| HN Mirror

Y	Hacker News new \| ask \| show \| jobs

by kuschku 3550 days ago

I do some searching with pgsql with tiny datasets and ts_rank, on a 10GB dataset of 11 million rows (mostly chat data), and get response times for ranking over all of it around 10-100ms on a cheap OVH 5€ VPS.

Query: https://paste.kde.org/pcxyg0fay | Explain: https://explain.depesz.com/s/jN3V (101ms)

Sometimes queries end up even a lot faster, for example the same as above, but searching for "c plus plus", runs in this plan + runtime: https://explain.depesz.com/s/NPOc (11ms)

1 comments

ngrilly 3550 days ago

Thanks a lot for sharing this!

Last time I tried, it was on a machine with a spinning disk... It looks like I should try again with a SSD, which are a lot better with regard to random access.

Your search term is "Quassel". What happens if you search for a term that matches a lot of rows? This is the case where ts_rank is very expensive. I'd be curious to look at the explain of such a low-selectivity query.

link

kuschku 3550 days ago

> What happens if you search for a term that matches a lot of rows? This is the case where ts_rank is very expensive. I'd be curious to look at the explain of such a low-selectivity query.
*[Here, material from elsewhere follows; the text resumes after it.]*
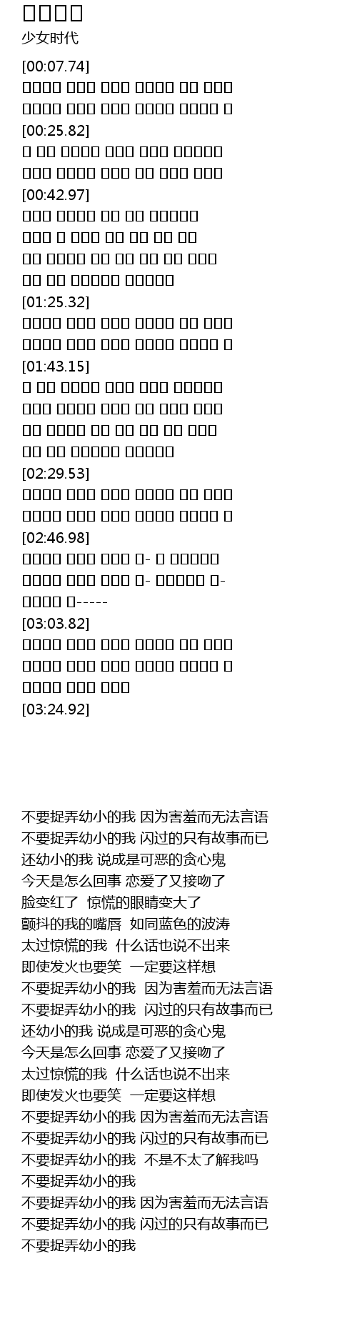 | [03:04.40] | 어리다고 놀리지 말아요 수줍어서 말도 못하고 |

That’s actually quite unproblematic, if you have the tsvector as its own column (not just as index).

It’s far more problematic to actually load that data from disk.

link

ngrilly 3550 days ago

> That’s actually quite unproblematic, if you have the tsvector as its own column (not just as index).
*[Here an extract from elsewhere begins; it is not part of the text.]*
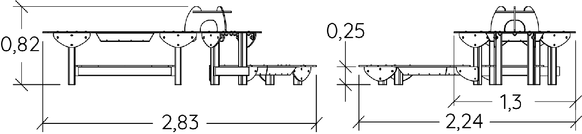 Modulets dimensioner er som følger: 2,83 m i længden, 2,24 m bred, 0,82 m høj.

Yes, it works, but it is slow because the tsvector is usually big enough to be stored in a TOAST table, and this produces a lot of random access reads.

This is why there is a project of storing additional information in the GIN (term positions) in order for the index to contain all necessary information for the ranking:

https://wiki.postgresql.org/images/2/25/Full-text_search_in_...

link

kuschku 3550 days ago

> usually big enough to be stored in a TOAST table

Ah, luckily, in my case, that can’t happen – each row’s message contains one IRC message, so at most 512 bytes. That also automatically ensures we’ll never run into TOAST issues.

link

ngrilly 3550 days ago

Now I understand why you didn't suffer from the slow ranking issue. In my test case, text is longer and triggers the TOAST management code.

link

kuschku 3550 days ago

Yeah, if your vectors are in TOAST, you really have a huge issue with ranking. There’s no simple way to get around that, except with customized solutions like Lucene/Solr/ES

link